R_t = (P_t - P_{t-1}) / P_{t-1}

Where P_t is the price at time t. Also called simple returns or arithmetic returns.

R_annual = (∏(1 + R_t))^(252/N) - 1

Where N is the number of periods and 252 is trading days per year. Uses geometric (compound) growth.

σ_annual = std(R) × √252

Volatility scales with the square root of time (assuming i.i.d. returns).

σ_down = std(R | R < 0)

Only considers returns below zero. Investors care more about downside risk than upside "risk".

SR = (R_p - R_f) / σ_p

Where R_p = annualized portfolio return, R_f = risk-free rate, σ_p = annualized portfolio volatility.

Sortino = (R_p - R_f) / σ_down

Uses semideviation (downside volatility) instead of total volatility in the denominator.

VaR_α = -Percentile(R, α)

At 5% level: "There is a 5% chance that daily losses will exceed this value." Non-parametric — uses actual return data.

VaR = -(μ + z_α × σ)

Where z_α is the z-score for the confidence level (e.g., -1.645 for 5%). Assumes normality of returns.

z_cf = z + (z²-1)S/6 + (z³-3z)(K-3)/24 - (2z³-5z)S²/36

Adjusts the Gaussian z-score using observed skewness (S) and kurtosis (K). Then VaR = -(μ + z_cf × σ).

CVaR = -E[R | R ≤ -VaR]

Average of all returns that fall below the VaR threshold. Always ≥ VaR.
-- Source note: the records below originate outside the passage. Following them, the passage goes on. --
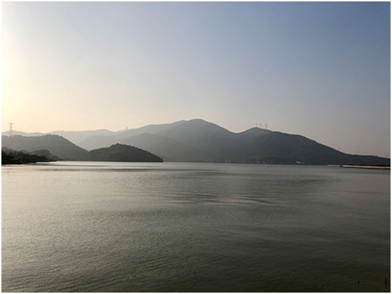 The lake next to Fengpao. As often, the real view is much nicer than a photo can tell. In the distance are high electricity lines.[Photo provided to chinadaily.com.cn]
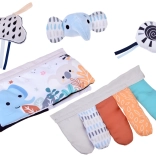 raschelnde Materialien, Quietsch-Elemente, Textilbänder und verschiedene Texturen
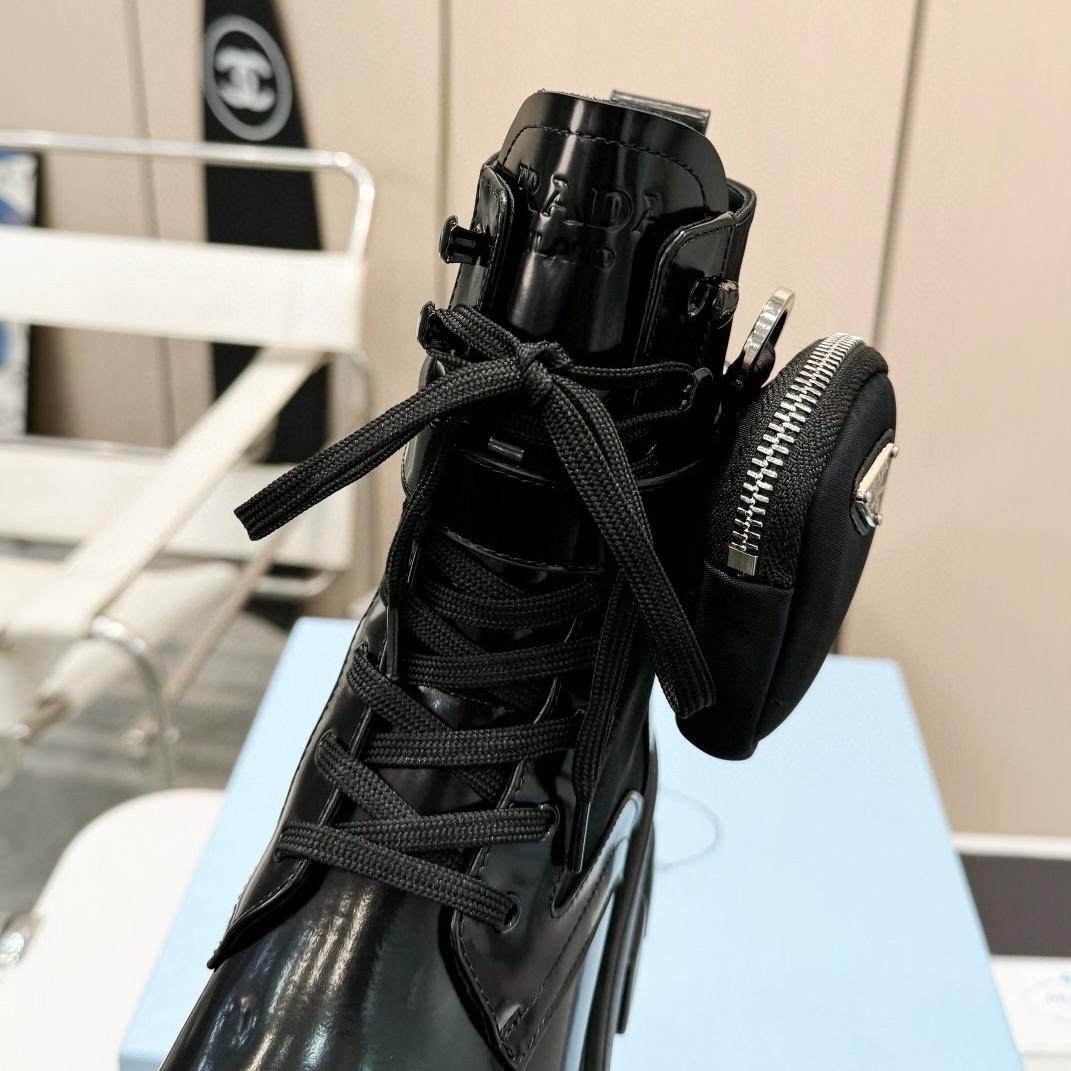 • Prada Monolith brushed leather and Re-Nylon boots with pouch
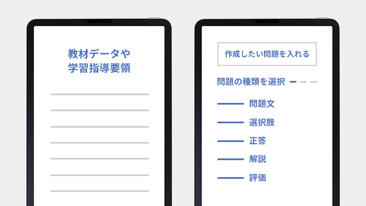 4択、並び替え、一門一答などバリエーション豊富な練習問題をクラスのレベルに応じた難易度で作成。先生の働く環境DXをアシストします。
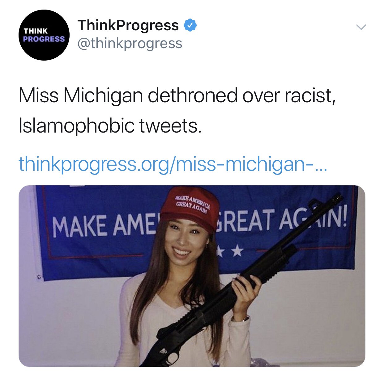方舟子@fangshimin·Jul 20这个人当初是怎么当上密歇根小姐的?评委被她的枪吓着了?https://pbs.twimg.com/media/D_-MqHIUEAA0HjS?format=jpg&name=large
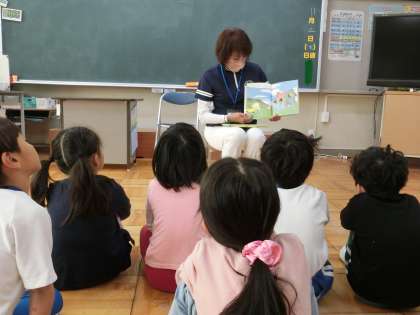 今年度から再開した「読み語り」。月に一回、ボランティアさんが来てくださる日を、子どもたちはとても楽しみにしています。
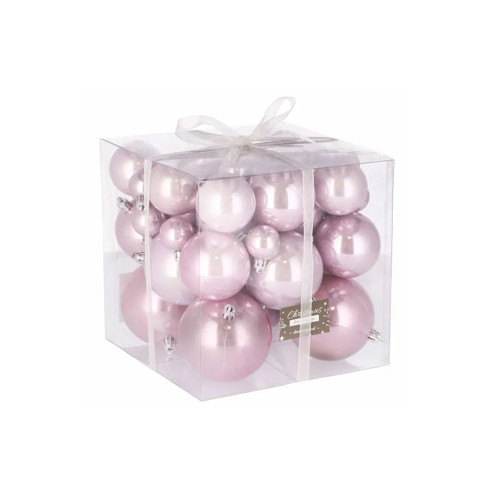 Vianočné banky ružové - 5 veľkostí, sada 37ks
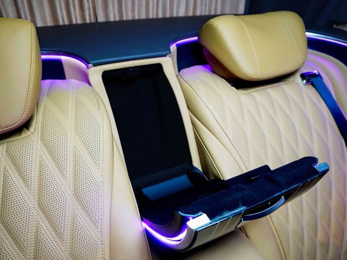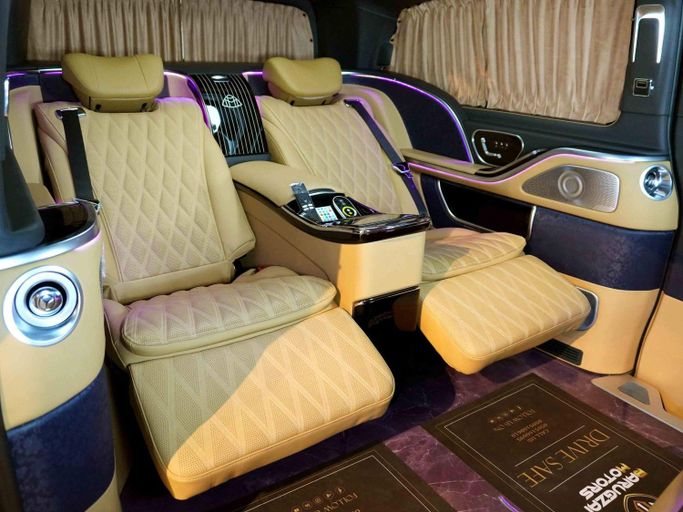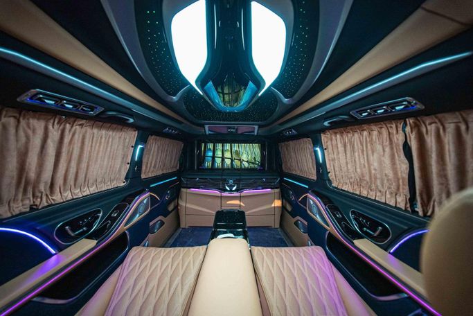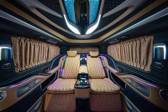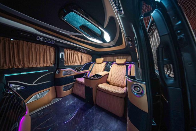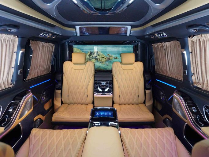 Vehicle Model & Year: Mercedes - Benz V-Class 2023 Mileage: 3804 KM Warranty Information: 2 Years Full Vehicle Warranty & 2 Years Service contract Regional Specification: Other Vehicle Luxury Highlights: - High Roof Design – Provides extra headroom, unlike standard V-Class models - Hidden Storage Table – Securely store personal items - Maybach Exterior Kit with two tone paint. - Custom Leather Roof – Features Rolls-Royce-style star lights and ambient roof lighting - Extended Wheelbase – Maximizes cabin space for unmatched comfort - Folding Tables for Vip C

MDD = min((V_t - V_peak) / V_peak)

Where V_peak is the running maximum value up to time t. Expressed as a negative percentage.

S = E[(R - μ)³] / σ³

Third standardized moment. S < 0 = left-skewed (fat left tail), S > 0 = right-skewed, S = 0 = symmetric.

K = E[(R - μ)⁴] / σ⁴

Fourth standardized moment. K = 3 for normal distribution (mesokurtic). K > 3 = fat tails (leptokurtic).

α = R_p - R_f

Simple excess return. In CAPM: α = R_p - [R_f + β(R_m - R_f)] but TradePilot uses the simpler definition.

M(i, t) = P(i, today) - P(i, today - t)

Simple price-level momentum over t periods. Not returns-based — uses raw price difference.